Elzy slammed the drink, a fresh one replaced it immediately, and she told me how her brother was working alone in the kitchen one morning. He’d just removed trays of cakes from the oven and was sampling one when Uncle Buddy showed up. My uncle berated Elzy’s brother for using his bare hands, delivering a blistering speech on kitchen hygiene, and her brother flipped off Uncle Buddy and told him to go to hell. That’s when Uncle Buddy made the mistake of shoving him. Elzy’s brother beat him to his knees but my uncle wouldn’t stay down, and Elzy’s face changed to something that was not self-assurance or rage, but horror.
“Buddy was on the ground, struggling to get up, and my brother charged him,” she said slowly, her words tinged with revulsion. “At the last minute, Buddy grabbed his ankle. My brother tripped, lost his balance, and fell face-first onto a white-hot, overturned cake pan stamped with the Rispoli
Oh my God, I thought, feeling my spine freeze, that means Ski Mask Guy is. .
“Poor Kevin,” Elzy said mournfully. “Half of his beautiful face, his neck, and his vocal cords. It drove him to the brink of insanity and he had to go. . away. Years later, when he escaped from the. . hospital. . I broke out too, from my existence, and we reunited,” she said, blowing her nose into a cocktail napkin. She put on a smile that would’ve startled a snake and said, “And here we are.”
“Here we are,” I said, seizing control of the rapidly rising ghiaccio furioso just as I’d done with Uncle Buddy, trying with all of my strength to focus it across the table. Elzy blinked rapidly behind the cat’s-eye glasses as I said, “But where’s my family? What have you done with them?”
To my great surprise, she ceased blinking and chuckled. “Who knows? Maybe dead in the ground somewhere.

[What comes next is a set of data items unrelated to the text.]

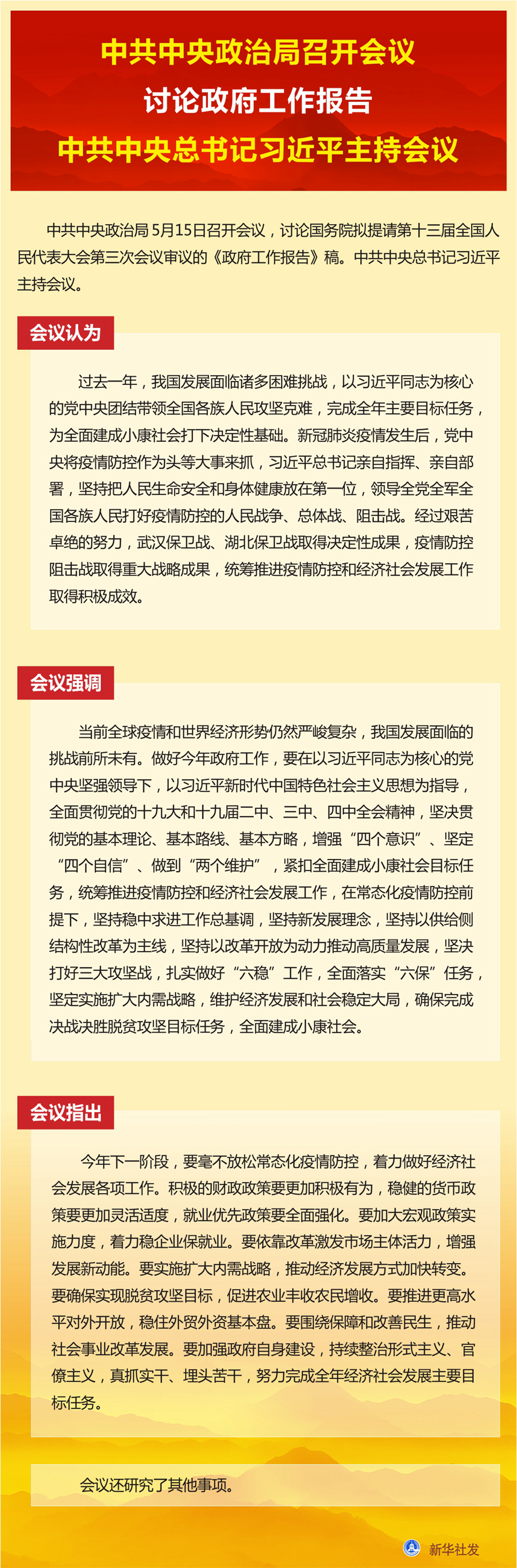 新華社北京5月15日電 中共中央政治局5月15日召開會(huì)議,討論國務(wù)院擬提請(qǐng)第十三屆全國人民代表大會(huì)第三次會(huì)議審議的《政府工作報(bào)告》稿。中共中央總書記習(xí)近平主持會(huì)議。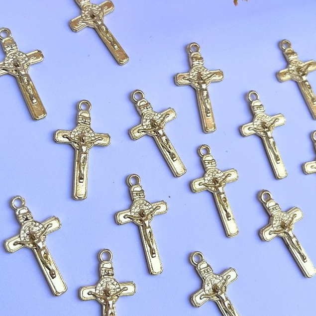 30 Cruz pequena São Bento Reta Dourado - Pingente para Artesanato religioso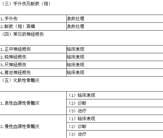 | 2. 锁骨骨折 | (1)临床表现 (2)诊断 (3)治疗 |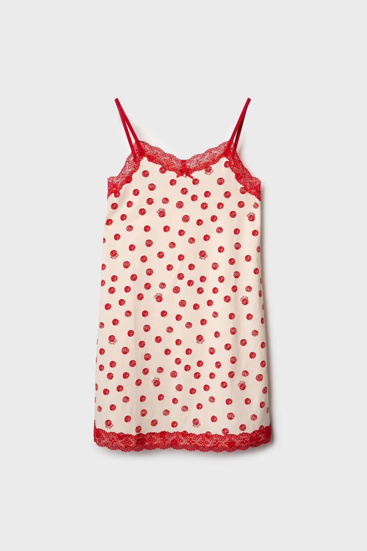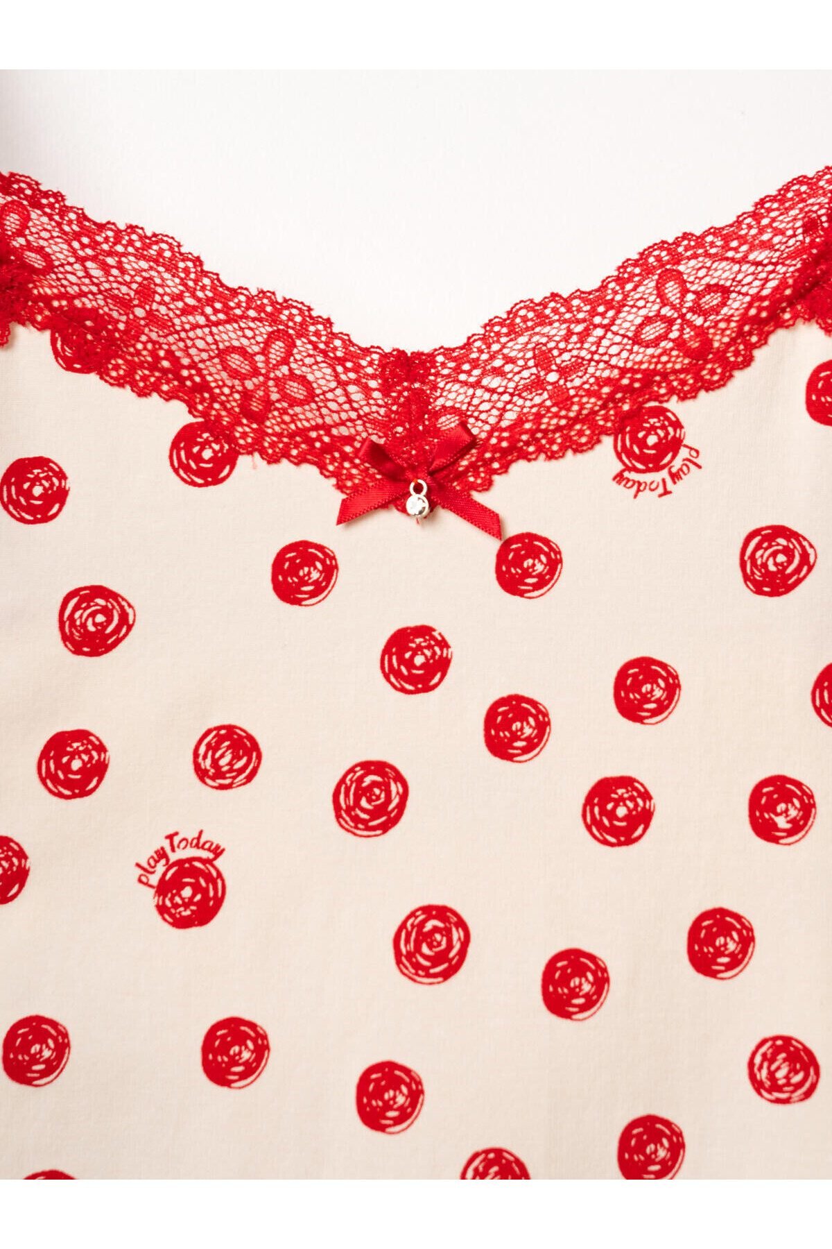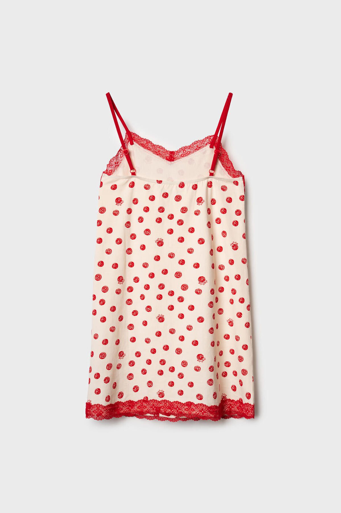 Ночная сорочка для девочки подростка. Выполнена из мягкого хлопкового трикотажа с добавлением эластана, за счёт чего она тянется и комфортно сидит. Модель на тонких регулируемых бретельках и украшена кружевом по вырезу и внизу. Спереди — аккуратный бантик. Ткань украшена весёлым принтом в виде красных горошин и клубничек на молочном фоне.

Worm food first and then gone forever.”
As she spoke, I felt a little electrical storm break across my head and shoulders.
The cold fury popped and faded, and I was flooded with exhaustion.
I sat back heavily, struggling even to hold up my head.
“I’ll be damned. So you’re the one who got the gift,” Elzy said, staring at me with curiosity. “Even though you and your brother both have blue eyes, I never would’ve guessed it would be you. Amazing how sexist we’re all trained to be. Even I naturally assumed that a man would get the power.” She sighed and said, “By the way, it doesn’t affect me.”
I shook my head, confused, and she sat forward smiling.